Without the pictures, output all of the data exactly.

(Beginning of Material provided)

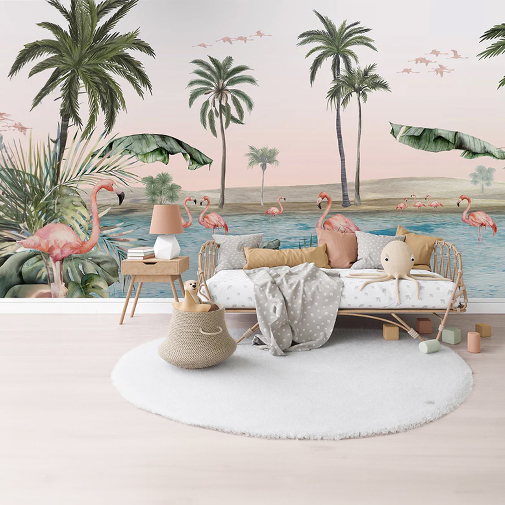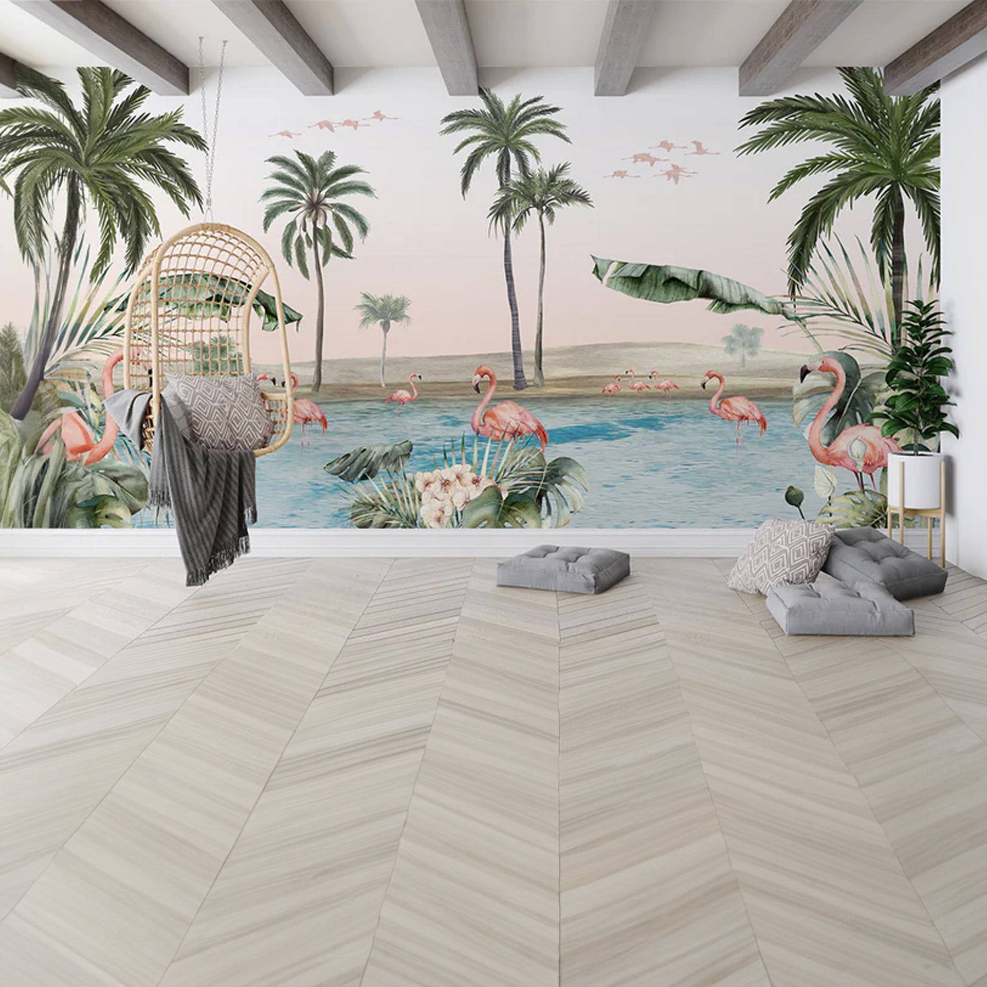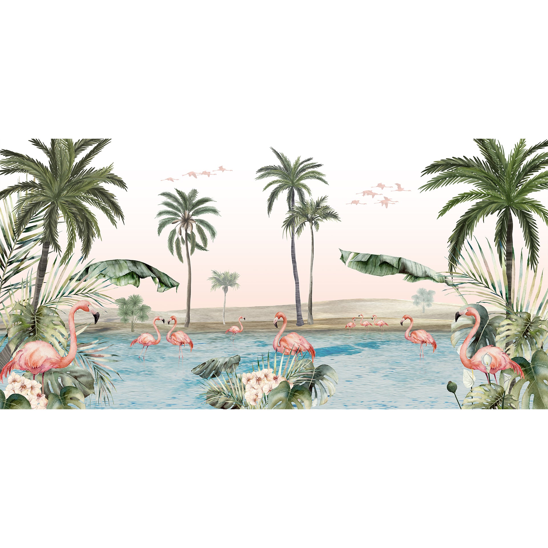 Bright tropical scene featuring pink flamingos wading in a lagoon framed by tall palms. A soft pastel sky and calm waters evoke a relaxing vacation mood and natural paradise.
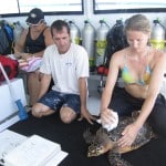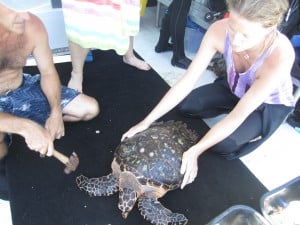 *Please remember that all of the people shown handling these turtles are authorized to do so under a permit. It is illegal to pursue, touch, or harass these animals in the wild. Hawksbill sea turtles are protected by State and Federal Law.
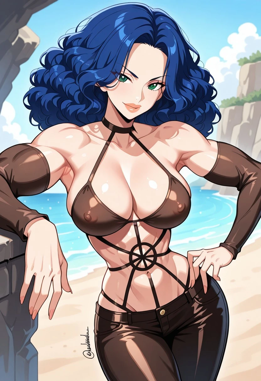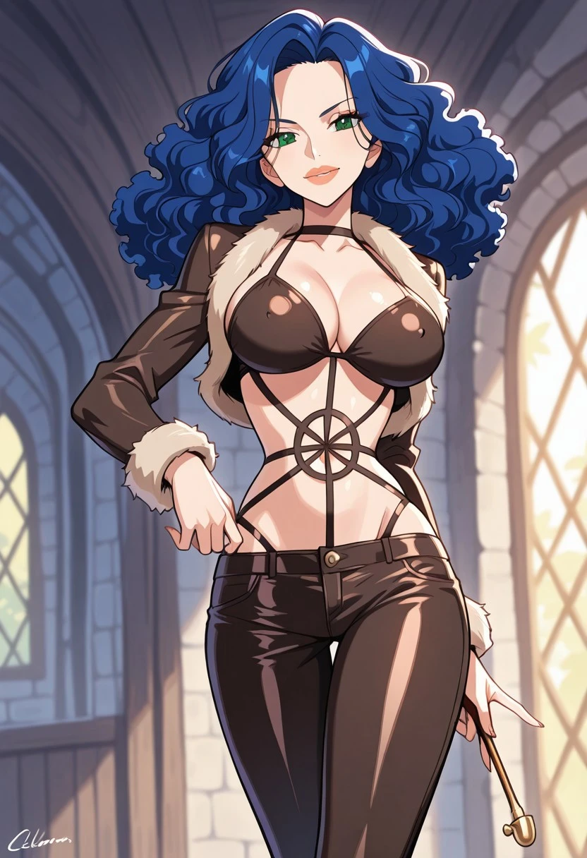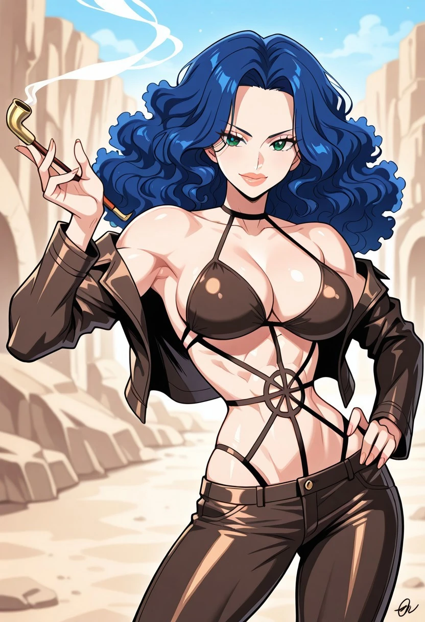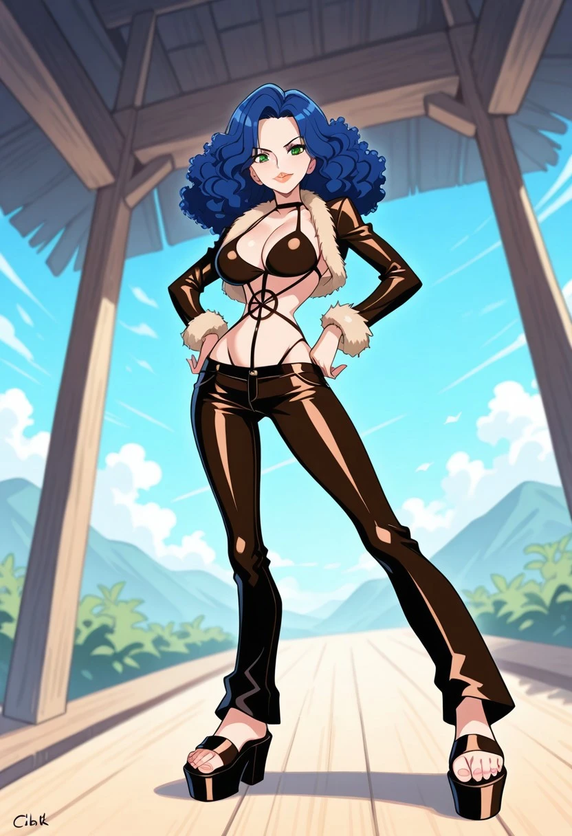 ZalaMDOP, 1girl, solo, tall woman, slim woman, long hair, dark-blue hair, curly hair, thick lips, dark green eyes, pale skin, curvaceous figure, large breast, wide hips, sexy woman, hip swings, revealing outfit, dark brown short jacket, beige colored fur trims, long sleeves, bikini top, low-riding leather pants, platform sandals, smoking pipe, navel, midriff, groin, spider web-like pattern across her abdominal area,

(End of Material provided)

* **Response to the task**
 Bright tropical scene featuring pink flamingos wading in a lagoon framed by tall palms. A soft pastel sky and calm waters evoke a relaxing vacation mood and natural paradise.
 *Please remember that all of the people shown handling these turtles are authorized to do so under a permit. It is illegal to pursue, touch, or harass these animals in the wild. Hawksbill sea turtles are protected by State and Federal Law.
 ZalaMDOP, 1girl, solo, tall woman, slim woman, long hair, dark-blue hair, curly hair, thick lips, dark green eyes, pale skin, curvaceous figure, large breast, wide hips, sexy woman, hip swings, revealing outfit, dark brown short jacket, beige colored fur trims, long sleeves, bikini top, low-riding leather pants, platform sandals, smoking pipe, navel, midriff, groin, spider web-like pattern across her abdominal area,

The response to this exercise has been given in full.